According to the statute, any overpayment which is discovered and not repaid within 60 days can trigger the False Claims Act (FCA) and, under the FCA’s statute of limitations, the government can go back 10 years from the date of the discovered overpayment.  So, if you do the math, a potential overpayment discovered from five years ago would extend the reach of the FCA more than 15 years.  That’s a pretty overwhelming scenario for any provider, particularly a smaller one without extensive compliance and auditing resources.

No matter how long the government takes to finalize the 60-day rule, providers need to live within the parameters of the existing rule. The government, aided by helpful whistleblowers, is fully enforcing the law, with whistleblower claims under the FCA now being reviewed by the criminal division of the Department of Justice, before being civilly reviewed. 

In fact, in 2014, there were 700 whistleblower filings and more than $6 billion dollars generated from FCA litigation alone.

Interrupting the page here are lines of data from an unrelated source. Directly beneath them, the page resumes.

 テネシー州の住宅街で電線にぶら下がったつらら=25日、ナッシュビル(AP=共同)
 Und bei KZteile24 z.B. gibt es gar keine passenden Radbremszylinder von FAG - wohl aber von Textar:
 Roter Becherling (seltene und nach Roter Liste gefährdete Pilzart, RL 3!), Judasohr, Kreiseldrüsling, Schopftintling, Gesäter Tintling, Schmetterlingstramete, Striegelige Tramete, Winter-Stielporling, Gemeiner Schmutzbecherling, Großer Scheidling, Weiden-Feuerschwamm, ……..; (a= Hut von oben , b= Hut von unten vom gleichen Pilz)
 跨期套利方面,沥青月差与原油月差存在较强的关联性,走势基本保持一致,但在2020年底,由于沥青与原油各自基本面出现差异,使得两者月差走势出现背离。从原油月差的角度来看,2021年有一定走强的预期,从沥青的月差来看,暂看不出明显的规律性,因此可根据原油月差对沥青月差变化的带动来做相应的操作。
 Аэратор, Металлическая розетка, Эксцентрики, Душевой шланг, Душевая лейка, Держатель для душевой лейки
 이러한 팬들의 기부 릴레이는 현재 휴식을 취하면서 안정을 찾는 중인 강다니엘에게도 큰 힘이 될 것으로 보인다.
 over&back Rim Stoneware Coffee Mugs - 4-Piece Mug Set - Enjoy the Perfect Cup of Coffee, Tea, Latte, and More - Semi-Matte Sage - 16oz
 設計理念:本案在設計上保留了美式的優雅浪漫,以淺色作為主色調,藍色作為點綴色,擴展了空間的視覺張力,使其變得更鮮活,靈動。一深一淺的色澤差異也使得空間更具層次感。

With an even bigger CMS enforcement budget in 2015, providers should anticipate investigation and enforcement actions under the FCA will continue to grow. 

There is not much a provider can do other than remain vigilant in their efforts to audit and refund overpayments in a prompt manner.  Talking with experienced legal counsel can be very important as well. Given the serious consequences of an FCA violation, there is no doubt that paying for advice in advance will be a far less expensive option than facing an FCA violation.